Well, I don't know what the original paper's data stream looked like to
start with, either, but you don't have data in the sample dataset at
5-minute intervals. You have both replications at the same time stamp
and then intervals of (apparently) asynchronous time stamps at varying
intervals from 1 to as much as 9 minutes between samples in just this
short set.

So, there are some 5-minute intervals for which you have no data at all.

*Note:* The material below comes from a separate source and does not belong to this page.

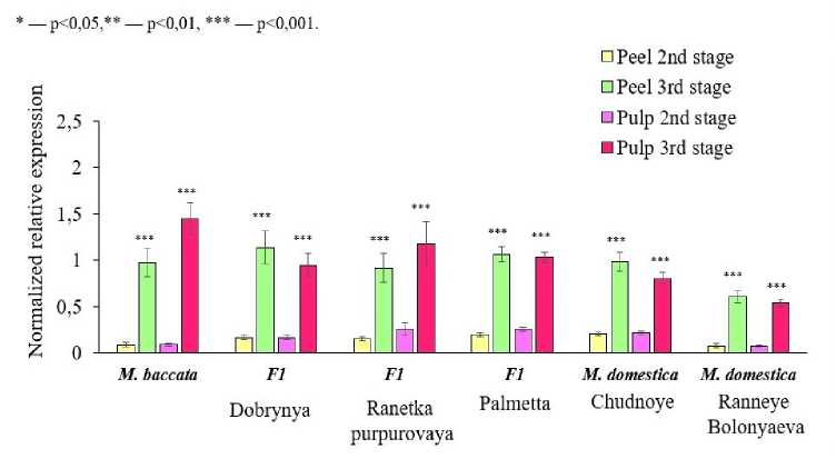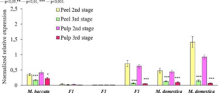 Figure 3. Dynamics of relative GGP3 expression in the tissues of M. baccata , M. × domestica and F1 hybrid fruits at the 2nd and 3rd stages of fruit development in 2020–2022.

Methinks you need to look at the data source more carefully or
reevaluate the analysis you're comparing to before worrying to much
about the details of selection.

--
From: ImageAnalyst on
And finding the increment for 5 minutes is pretty easy empirically:
for k = 729757.397001 : .00001 : 729757.400800
deltaTime = k - 729757.397001;
fprintf(1, 'k=%f, time=%s, delta time = %f\n',...
k, datestr(k), deltaTime)
end

timeIncrement = 0.00348;
resampledTimes = 729757.397002315 : timeIncrement : 729758.39780;

for k = 1 : length(resampledTimes)
fprintf(1, 'k=%f, time=%s\n', k, datestr(resampledTimes(k)))
end

Looks to be about 0.00348 corresponds to about a 5 minute difference.
So can't you just pass in your first column (times) as your x, your
second column (the prices, with duplicates deleted) as y, and
resampledTimes as xi into interp1 to get your new interpolated
values? They'll be the interpolated values taken every 5 minutes.
From: us on
ImageAnalyst <imageanalyst(a)mailinator.com> wrote in message <f0aa7e5f-3e85-45d7-988a-8f23cab72ffa(a)p17g2000vbe.googlegroups.com>...
> And finding the increment for 5 minutes is pretty easy empirically:
> for k = 729757.397001 : .00001 : 729757.400800
> deltaTime = k - 729757.397001;
> fprintf(1, 'k=%f, time=%s, delta time = %f\n',...
> k, datestr(k), deltaTime)
> end
>
> timeIncrement = 0.00348;
> resampledTimes = 729757.397002315 : timeIncrement : 729758.39780;
>
> for k = 1 : length(resampledTimes)
> fprintf(1, 'k=%f, time=%s\n', k, datestr(resampledTimes(k)))
> end
>
> Looks to be about 0.00348 corresponds to about a 5 minute difference.
> So can't you just pass in your first column (times) as your x, your
> second column (the prices, with duplicates deleted) as y, and
> resampledTimes as xi into interp1 to get your new interpolated
> values? They'll be the interpolated values taken every 5 minutes.

a minute in ML time space

t0=now;
ts=t0+(0:9)/(24*60); % <- 1/hr/min
datestr(ts)
%{
16-May-2010 17:24:58
16-May-2010 17:25:58
16-May-2010 17:26:58
16-May-2010 17:27:58
16-May-2010 17:28:58
16-May-2010 17:29:58
16-May-2010 17:30:58
16-May-2010 17:31:58
16-May-2010 17:32:58
16-May-2010 17:33:58
%}

us
From: Ayotunde on
ImageAnalyst <imageanalyst(a)mailinator.com> wrote in message <f0aa7e5f-3e85-45d7-988a-8f23cab72ffa(a)p17g2000vbe.googlegroups.com>...
> And finding the increment for 5 minutes is pretty easy empirically:
> for k = 729757.397001 : .00001 : 729757.400800
> deltaTime = k - 729757.397001;
> fprintf(1, 'k=%f, time=%s, delta time = %f\n',...
> k, datestr(k), deltaTime)
> end
>
> timeIncrement = 0.00348;
> resampledTimes = 729757.397002315 : timeIncrement : 729758.39780;
>
> for k = 1 : length(resampledTimes)
> fprintf(1, 'k=%f, time=%s\n', k, datestr(resampledTimes(k)))
> end
>
> Looks to be about 0.00348 corresponds to about a 5 minute difference.
> So can't you just pass in your first column (times) as your x, your
> second column (the prices, with duplicates deleted) as y, and
> resampledTimes as xi into interp1 to get your new interpolated
> values? They'll be the interpolated values taken every 5 minutes.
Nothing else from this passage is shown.